The opening of Wisconsin’s deer hunting season was at-hand, and I was respectfully going to take my place on a stump to watch for whitetails.
I wouldn’t be too intense or business-like with the hunt, as has been my personal tradition. I’d cross the farmyard and mosey through some light brush and trees and reach that favorite stump on the back-side of our little woodlot behind our barnyard. I’d sit there for a couple of hours to casually watch for signs of deer in the Timber Creek Valley and the neighboring ridge.
Mine is the ilk that I’ll harvest a deer if one happens past, but I won’t be disappointed if a deer doesn’t appear.
Daylight was just tickling the east horizon as I crossed the farmyard. That first light drew my eyes to the sky, where I saw the sex of a waning quarter-moon – there, my imagination picturing my beautiful Dee witting and, with a winking smile, tantalizingly waving a dangled leg toward me.
I reached the stump and kept glancing at the moon and the hues of red, orange and blue that would become the day’s sunrise.
The warmth in that gentle light and the pastels it gently stroked onto the clouds and the sky behind then started to filter down onto me. It seeped through the clothing I’d layered beneath my orange hunting gear to protect me from the morning’s chill; that warmth penetrated to my heart.
The pastel painting grew above as the sun’s fierce light drew nearer to the horizon and pushed farther into the sky.

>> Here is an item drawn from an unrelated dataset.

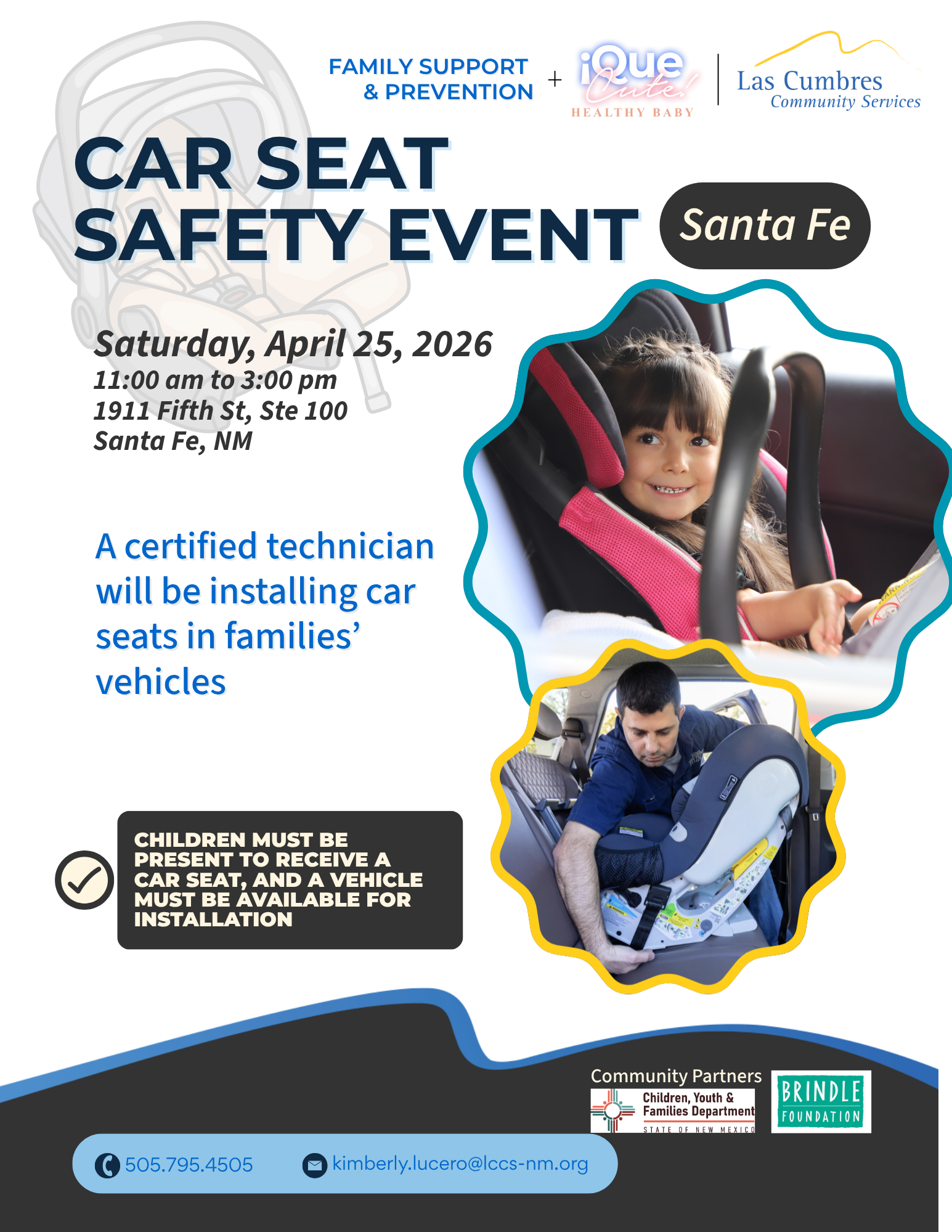 Back to All Events Car Seat Safety Event - Santa Fe Saturday, April 25, 2026 11:00 AM 3:00 PM Las Cumbres - Santa Fe Center 1911 5th Street, Suite 100 Santa Fe, NM, 87505 United States (map) Google Calendar ICS Email or Call/Text

The colors were soft poetry salad-layered in blue-over-purple-over-black-over-red-over-gray-over-orange-over-red.
The sky brightened, and then the light lowered itself onto the tree branches that had been left dark since the earth claimed their leaves. The light ran down the trees’ branches and then trunks, and then turned the valley’s and ridge’s tall-grown grass to khaki. And then, it covered the ridge’s frost-covered floor to melt the white frost into a carpet of late-November green grass.

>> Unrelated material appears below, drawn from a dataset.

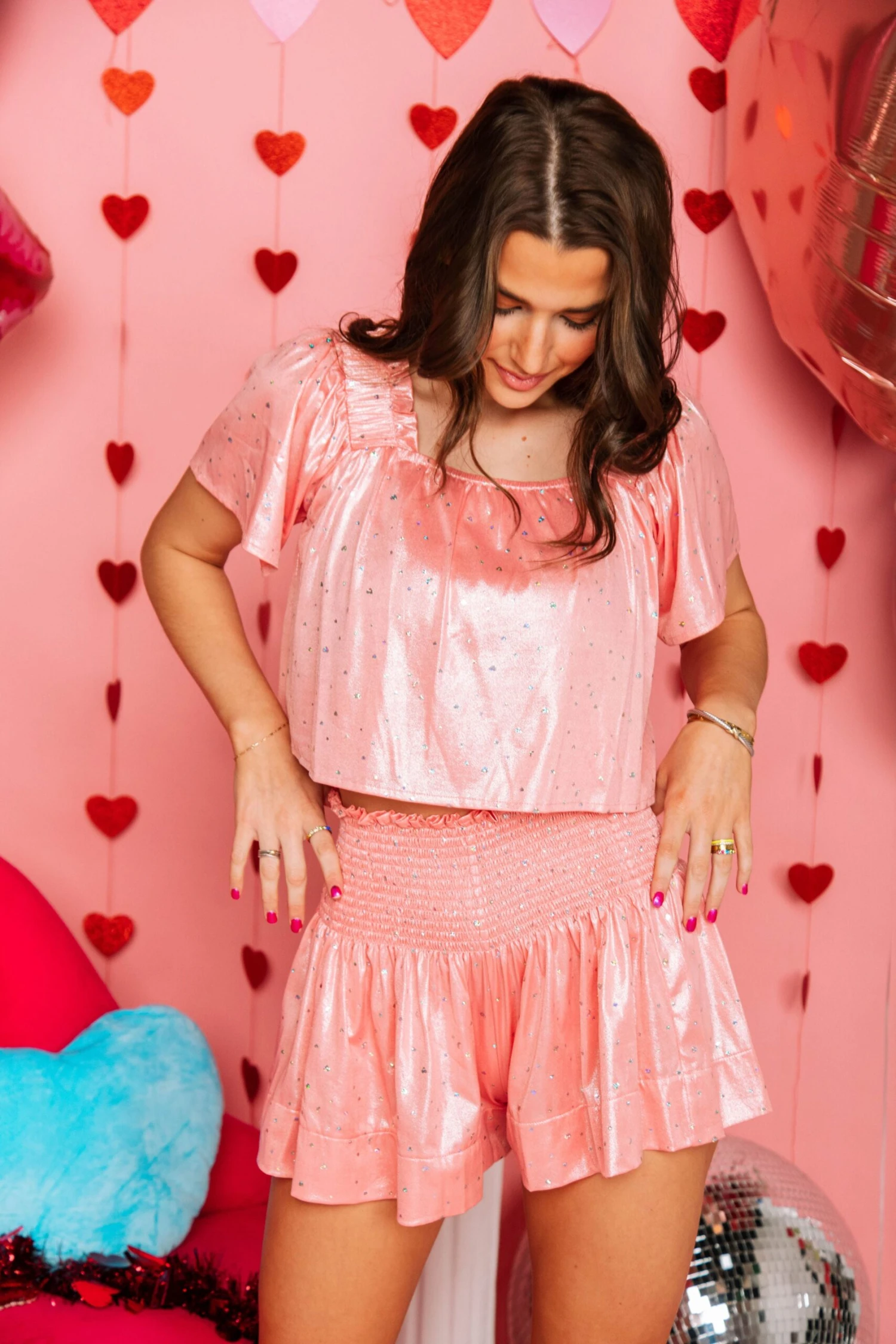 Queen Of Sparkles Peach Glitter Hearts Shorts

I hadn’t noticed past my awe that the light also had bled over me.
But then, I felt it.
And I felt the spirit.
The spirit reached down through those still-brightening pastels in the sky and finger-walked across the ridge and over the creek and then right up to my boots.
The spirit turned its palms to the sky and reached out to comfort me. It caressed my head and my shoulders in the warmth of its hands.

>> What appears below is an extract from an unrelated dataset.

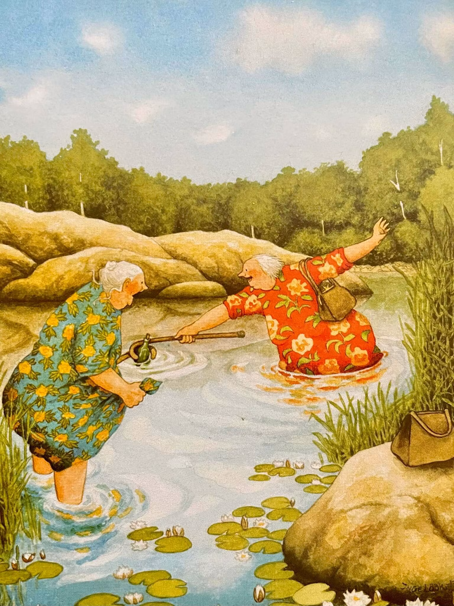 Här har de lyckliga damerna fått syn på en flaskpost i sjön och vadar ut för att hämta den.
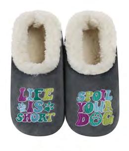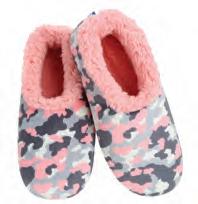 Soft and cozy fabric with paw print design. The perfect snoozies!® style for pet lovers! NEW padded insole has been added for ultimate comfort. Classic snoozies!® body lined with our exclusive pom pom™ cozy sherpa.

It reached its arms around me and gently pulled me into a reassuring hug.
The spirit wordlessly suggested I open to it my heart, mind and soul. I complied, and the spirit entered me.
The sky and land smiled in the realization of the morning’s full brightness, knowing they’d given to me a spiritual comfort as I’d never known.
I was safe.
I was home.
I’d met a spirit I never understood; it had been there all along but had never been such a part of me.
There it had lived, in the land and the trees and the grass and the corn and water and the sky.
My soul smiled.
The countryside stilled just then; all fell silent.
And then, a cock pheasant crowed his early morning approval of the day and a busy gray squirrel chattered its gossipy agreement.
A jay landed on a nearby branch and scolded me with its admonishment to never forget that moment I’d met the spirit. I nodded my head and smiled in our covenant.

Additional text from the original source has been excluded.